What you are asked to do — Copy exactly the lines of the data below, beginning with the line with "Der Geschirrschrank GS" and ending with the line with "Regulacja wysokości pionowej". Pictures are to be omitted.

Study material —
%%

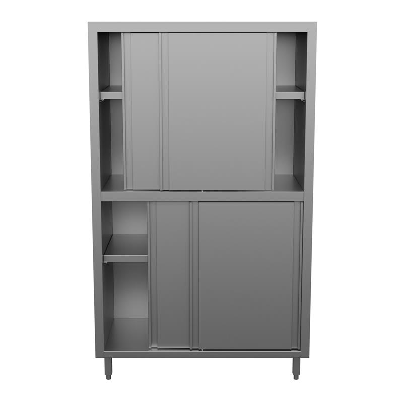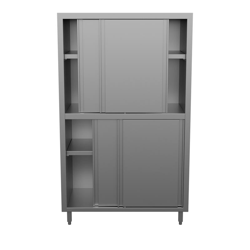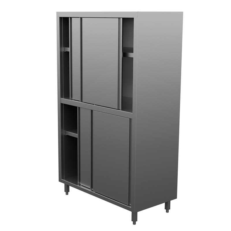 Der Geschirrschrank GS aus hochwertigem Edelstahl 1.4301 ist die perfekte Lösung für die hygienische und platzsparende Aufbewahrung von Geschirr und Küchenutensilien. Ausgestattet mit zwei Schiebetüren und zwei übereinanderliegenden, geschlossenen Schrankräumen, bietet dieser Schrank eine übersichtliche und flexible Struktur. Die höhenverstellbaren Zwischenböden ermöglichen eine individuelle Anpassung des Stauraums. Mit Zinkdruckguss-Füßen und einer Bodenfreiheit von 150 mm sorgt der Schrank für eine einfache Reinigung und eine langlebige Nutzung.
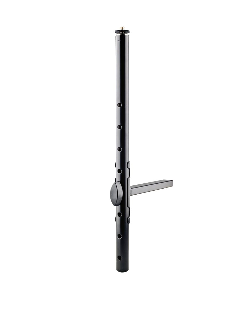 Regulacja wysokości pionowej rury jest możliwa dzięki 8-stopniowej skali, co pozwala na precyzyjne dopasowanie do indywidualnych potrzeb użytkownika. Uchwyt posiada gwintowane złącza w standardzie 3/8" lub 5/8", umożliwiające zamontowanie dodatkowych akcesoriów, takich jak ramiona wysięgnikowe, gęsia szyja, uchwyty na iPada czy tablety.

%%
%%

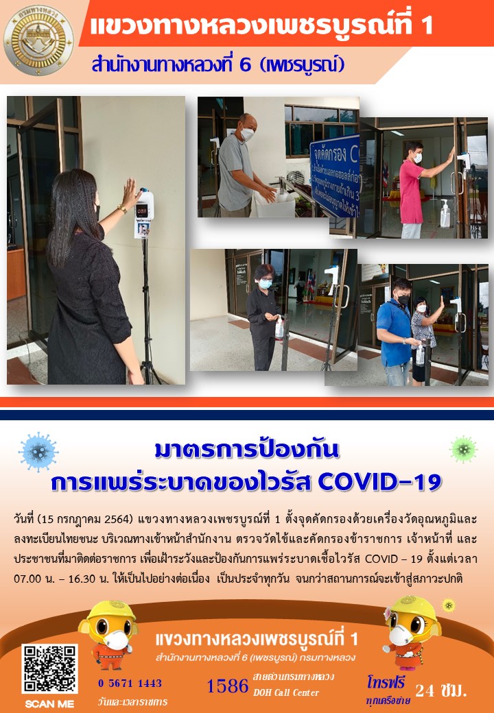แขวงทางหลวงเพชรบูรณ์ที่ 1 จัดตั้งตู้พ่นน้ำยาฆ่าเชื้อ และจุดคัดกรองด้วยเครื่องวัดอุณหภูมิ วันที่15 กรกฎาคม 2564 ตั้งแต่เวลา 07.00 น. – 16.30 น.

%%
%%

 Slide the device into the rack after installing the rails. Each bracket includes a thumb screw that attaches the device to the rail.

%%

Exercise result —
 Der Geschirrschrank GS aus hochwertigem Edelstahl 1.4301 ist die perfekte Lösung für die hygienische und platzsparende Aufbewahrung von Geschirr und Küchenutensilien. Ausgestattet mit zwei Schiebetüren und zwei übereinanderliegenden, geschlossenen Schrankräumen, bietet dieser Schrank eine übersichtliche und flexible Struktur. Die höhenverstellbaren Zwischenböden ermöglichen eine individuelle Anpassung des Stauraums. Mit Zinkdruckguss-Füßen und einer Bodenfreiheit von 150 mm sorgt der Schrank für eine einfache Reinigung und eine langlebige Nutzung.
 Regulacja wysokości pionowej rury jest możliwa dzięki 8-stopniowej skali, co pozwala na precyzyjne dopasowanie do indywidualnych potrzeb użytkownika. Uchwyt posiada gwintowane złącza w standardzie 3/8" lub 5/8", umożliwiające zamontowanie dodatkowych akcesoriów, takich jak ramiona wysięgnikowe, gęsia szyja, uchwyty na iPada czy tablety.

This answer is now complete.